▶ WORK ITEM:
Leaving pictures aside, set down each line exactly, from the first line of the data to the line with "Dinosaurs in outer", both included.

**** PROVIDED MATERIAL ****

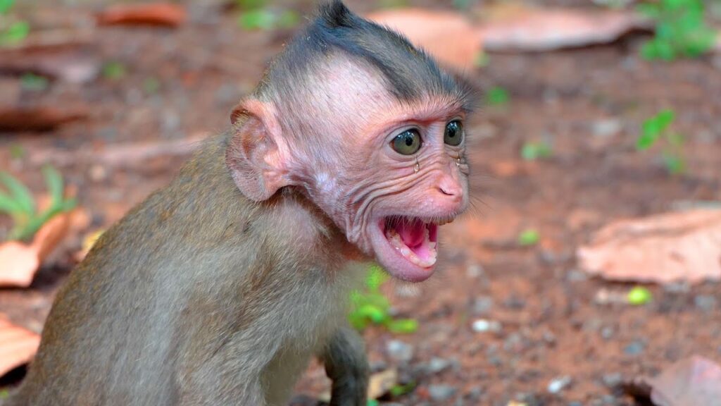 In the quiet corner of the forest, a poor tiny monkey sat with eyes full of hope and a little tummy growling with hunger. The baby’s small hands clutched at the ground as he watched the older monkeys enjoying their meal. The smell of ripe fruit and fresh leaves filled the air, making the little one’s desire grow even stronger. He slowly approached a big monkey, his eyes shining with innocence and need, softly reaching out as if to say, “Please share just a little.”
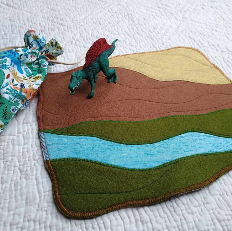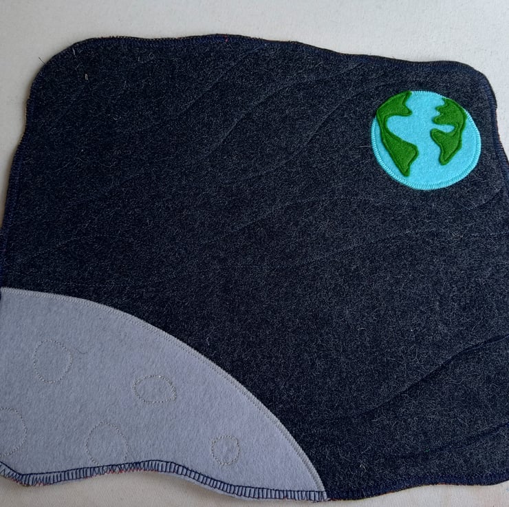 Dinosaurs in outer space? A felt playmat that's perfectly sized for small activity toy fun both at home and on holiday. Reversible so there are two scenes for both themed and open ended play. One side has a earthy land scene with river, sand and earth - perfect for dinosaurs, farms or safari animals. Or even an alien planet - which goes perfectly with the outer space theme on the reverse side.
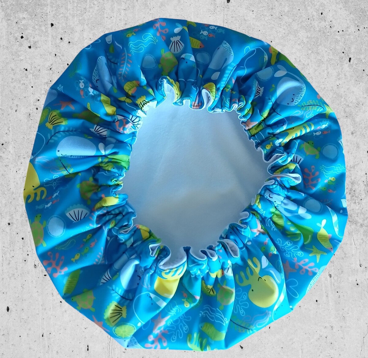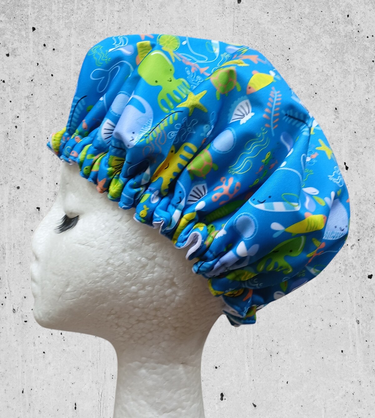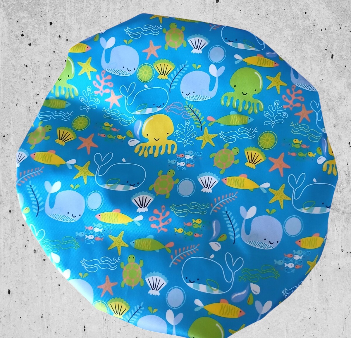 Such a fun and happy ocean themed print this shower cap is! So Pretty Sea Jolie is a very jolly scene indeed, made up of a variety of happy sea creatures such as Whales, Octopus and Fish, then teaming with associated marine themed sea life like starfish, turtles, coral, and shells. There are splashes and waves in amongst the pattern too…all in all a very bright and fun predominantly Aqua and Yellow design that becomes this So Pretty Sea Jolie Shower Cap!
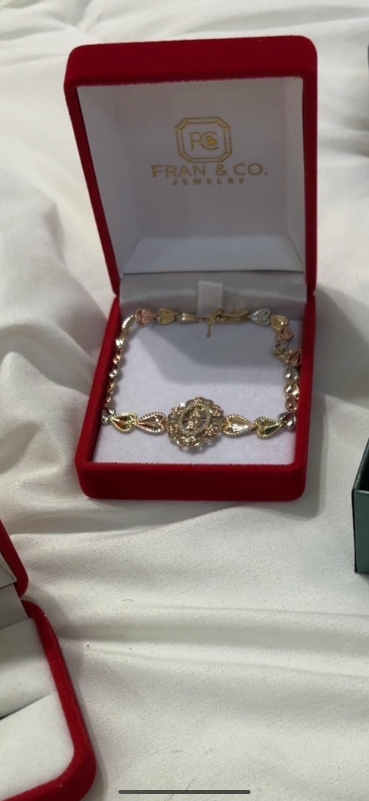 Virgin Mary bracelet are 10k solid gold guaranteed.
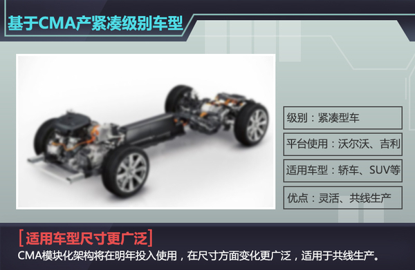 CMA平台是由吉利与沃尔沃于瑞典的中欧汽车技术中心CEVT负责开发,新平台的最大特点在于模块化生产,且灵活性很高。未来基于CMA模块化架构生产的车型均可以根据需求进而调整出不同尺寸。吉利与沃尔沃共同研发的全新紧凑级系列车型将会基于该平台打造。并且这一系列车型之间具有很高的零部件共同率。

****

▶ REPLY:
 In the quiet corner of the forest, a poor tiny monkey sat with eyes full of hope and a little tummy growling with hunger. The baby’s small hands clutched at the ground as he watched the older monkeys enjoying their meal. The smell of ripe fruit and fresh leaves filled the air, making the little one’s desire grow even stronger. He slowly approached a big monkey, his eyes shining with innocence and need, softly reaching out as if to say, “Please share just a little.”
 Dinosaurs in outer space? A felt playmat that's perfectly sized for small activity toy fun both at home and on holiday. Reversible so there are two scenes for both themed and open ended play. One side has a earthy land scene with river, sand and earth - perfect for dinosaurs, farms or safari animals. Or even an alien planet - which goes perfectly with the outer space theme on the reverse side.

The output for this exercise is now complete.